At 28, Nape has already made an indelible mark on the world of quantum optics. However, his path to a PhD at Wits University might have been an unlikely one had it not been for a few timely influences and chance conversations while growing up.
“Funnily enough, I wasn’t really the science geek in school. I was more the arts guy. I did a lot of dancing, I did a lot of cultural activities and it’s only after matric that I decided to jump into physics,” Nape said. “I was born in Pretoria and I moved around a lot. My family eventually settled in Randfontein and I went to Randfontein High.”
It was the small talk with a “cool” high school teacher that introduced Nape to the world of quantum physics, but it took winning an astronomy quiz to pique his interest in science even further. “We managed to represent the school at district level, and then at provincial level. I met a lot of people and I think since then my teachers and my mom were trying to push me towards it.
“I kind of lost it when I got to high school, but then I had one cool teacher that I used to chat to a lot, my English teacher Ms Wendy Coen. We used to chat about a lot of fascinating things, and she was very smart. She also told me about quantum physics and stuff. There are these trails of influences,” he said.
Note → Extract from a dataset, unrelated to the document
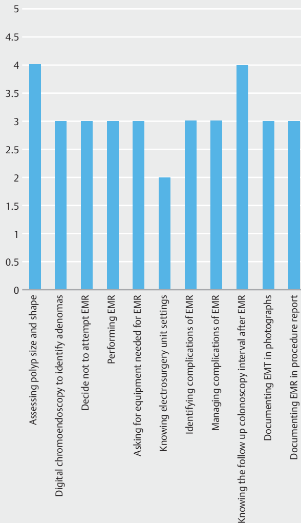
Fig. 2 Median confidence reported by fellows in individual steps of EMR of large colon polyps. Five-point scale rating: 1. I am not familiar with this topic; 2. Not confident at all e.g. attending does most of the assessment and procedure; 3. Somewhat confident e.g. attending takes the scope often; 4. Confident e.g. attending takes the scope in difficult scenarios; and 5. Very confident e.g. attending rarely takes the scope. EMR: Endoscopic mucosal resection.

tion in various aspects of colonoscopy, but may lack a structured curriculum for the performance of EMR. Further studies are warranted to evaluate the inclusion of EMR training in gastroenterology fellowship curriculum and the impact on knowledge base and clinical outcomes of polyp detection and complete resection.

After matric, Nape completed his undergraduate degree at the University of Pretoria before going on to do his honours. He then made a switch, doing his master’s at Wits University under Forbes, who is also helping him complete his PhD.
“During my undergrad, I was really fascinated with quantum mechanics. I think anyone who studies physics and encounters quantum mechanics and some of the interesting things that it suggests get trapped in. You get trapped in because you want to dig in and dig in and dig in,” Nape said. “I decided to choose something that’s a little bit applied but still allows me to play around with fundamental questions of nature. I chose to join Professor Andrew Forbes. We then just started to play with quantum mechanics using spatial patterns of light.
“So you have all these properties inside these light particles, and what you do is you manipulate them for either information processing or for sending communication signals. Now, the reason why we like using photons is because they are light. It’s the fastest object in the universe. Light is also quite easy to control. So I can observe all these fundamental properties of quantum mechanics with just simple lasers,” Nape explained.
Quantum technology holds the key to a world of superfast computing and more advanced cybersecurity. The faster transmission of information would also mean higher-quality imaging that can be used in medical scans.
“Many different applications are coming up. One main one is for encryption. Because quantum states have this nature that if you measure the disturber [meaning if someone tries to measure signals], you can actually detect it. And this sensitivity becomes larger and larger when you increase your alphabet. It becomes harder for someone to copy that information as well. That’s why we want to have these high-dimensional states and my technique makes it easy once you’ve measured them.”
Nape has set his sights on the international arena once he’s completed his PhD to gain international experience before returning home.
“I think my supervisors worked quite hard to get the government involved to also fund a lot of quantum research. All those efforts will go nowhere if there aren’t people to carry on that kind of work,” Nape said. “So I think I see myself back here and then contributing to knowledge development, and maybe some new quantum technologies, because I think people are working towards getting quantum technology out of the lab and deployed in the industry. I want to see myself take part in the development of that field.”
Nape obtained his PhD from the University of the Witwatersrand on 4 March.